People are playing it safe, which restricts what stories are able to get told

Writer Joe Barton

Sharpe sees Mozart as someone unaffected by the fashions of his time, pushing forward with what he believed was the best way to compose, regardless of accepted norms. He notes how someone said recently that “it’s almost like he has the opposite of imposter syndrome, where he’s so convinced that what he’s doing is great, that he’s [just] trying to get whatever is in its way out of the way”.

His piano playing in the show is remarkable – all the more so when you realise he was a Grade 3 pianist before taking on the role. To transform into the Austrian maestro, he was paired with Benjamin Holder, musical director on the Wicked films, who had six months to mould him into a credible prodigy capable of performing segments from 20 fiendishly difficult pieces. When work took Sharpe to the US and Japan, Holder bought him a portable keyboard to practise on hotel ironing boards.

Obsessively jealous: Paul Bettany’s Salieri
Obsessively jealous: Paul Bettany’s Salieri (Sky UK Ltd)

The series also examines how art shapes society. As Rory Kinnear’s Emperor Joseph II notes in the series, opera has power – it reflects the world and can drive change. The theme feels particularly resonant now, as President Donald Trump threatens media and cultural institutions in America. This connects to the current creative landscape more broadly, Barton argues. “In drama, you have to increasingly smuggle more challenging or subversive or human ideas into your work, which is as much a result of the economic reality of the current media industry as it is political censorship,” he says. “Or probably now it’s both.
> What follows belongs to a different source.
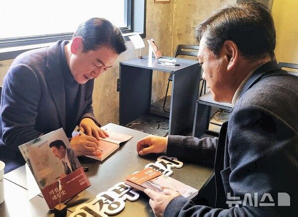 김동근 경기 의정부시장이 16일 청년 소상공인이 운영하는 지역의 한 카페에서 저서 '의정부 해결사' 출판기념회 개최했다.

People are certainly playing it safe, which restricts what stories are able to get told.”

Sharpe was blown away by the film’s set pieces, which he says are exactly the sort of thing that requires confidence “from the people who are making [television] and supporting it and funding it. There’s a version of the future where everything sort of gets homogenised, because it’s so statistics-based, and people try to make creative decisions, based on what they think the audience wants, based on data,” he notes. Amadeus, like the composer himself, is prepared to take risks.